# [WORK REQUEST]
When you write out the listing, keep each word exactly as it stands but include none of its images.

# [RECORDED DATA]
━━━━━━━━
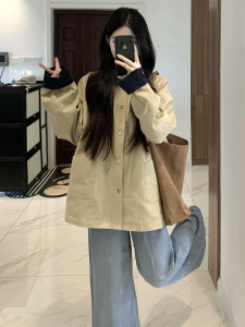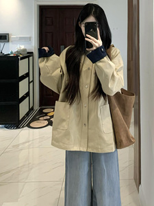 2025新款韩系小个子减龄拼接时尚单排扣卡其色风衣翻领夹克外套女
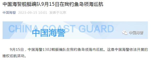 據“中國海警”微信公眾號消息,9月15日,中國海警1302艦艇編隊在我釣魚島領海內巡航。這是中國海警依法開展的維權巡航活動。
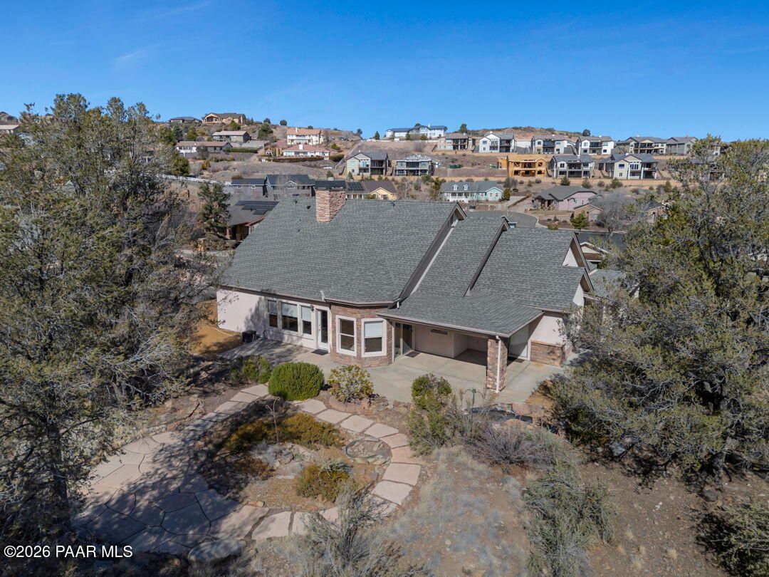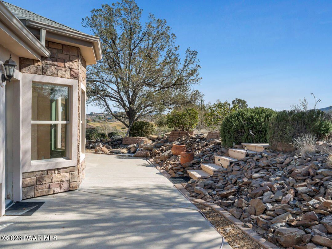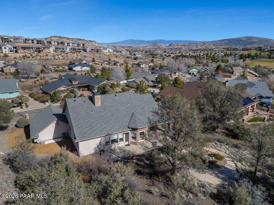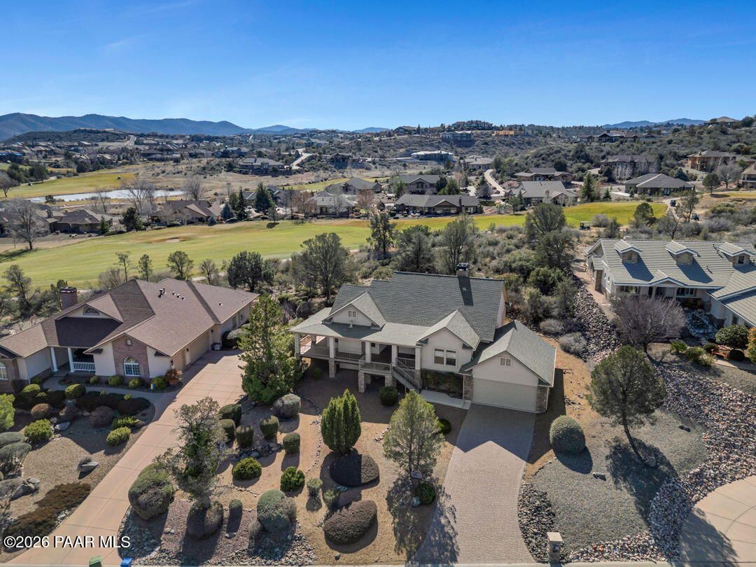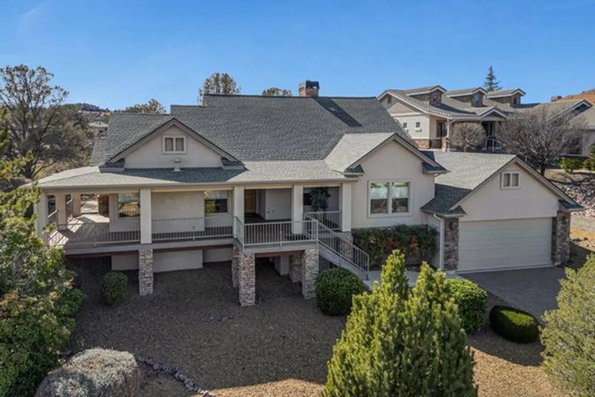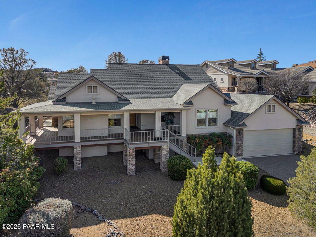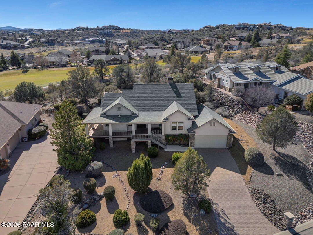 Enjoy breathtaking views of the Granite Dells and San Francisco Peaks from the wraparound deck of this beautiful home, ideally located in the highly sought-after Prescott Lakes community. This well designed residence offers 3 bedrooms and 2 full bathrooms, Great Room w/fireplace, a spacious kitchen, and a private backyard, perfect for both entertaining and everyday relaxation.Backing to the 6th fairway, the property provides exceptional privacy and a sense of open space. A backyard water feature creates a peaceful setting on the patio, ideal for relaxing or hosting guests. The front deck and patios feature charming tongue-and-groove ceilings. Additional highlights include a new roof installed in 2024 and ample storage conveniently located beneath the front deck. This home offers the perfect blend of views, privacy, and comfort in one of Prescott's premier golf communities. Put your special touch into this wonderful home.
━━━━━━━━
# [OUTPUT FOR THIS EXERCISE]
 2025新款韩系小个子减龄拼接时尚单排扣卡其色风衣翻领夹克外套女
 據“中國海警”微信公眾號消息,9月15日,中國海警1302艦艇編隊在我釣魚島領海內巡航。這是中國海警依法開展的維權巡航活動。
 Enjoy breathtaking views of the Granite Dells and San Francisco Peaks from the wraparound deck of this beautiful home, ideally located in the highly sought-after Prescott Lakes community. This well designed residence offers 3 bedrooms and 2 full bathrooms, Great Room w/fireplace, a spacious kitchen, and a private backyard, perfect for both entertaining and everyday relaxation.Backing to the 6th fairway, the property provides exceptional privacy and a sense of open space. A backyard water feature creates a peaceful setting on the patio, ideal for relaxing or hosting guests. The front deck and patios feature charming tongue-and-groove ceilings. Additional highlights include a new roof installed in 2024 and ample storage conveniently located beneath the front deck. This home offers the perfect blend of views, privacy, and comfort in one of Prescott's premier golf communities. Put your special touch into this wonderful home.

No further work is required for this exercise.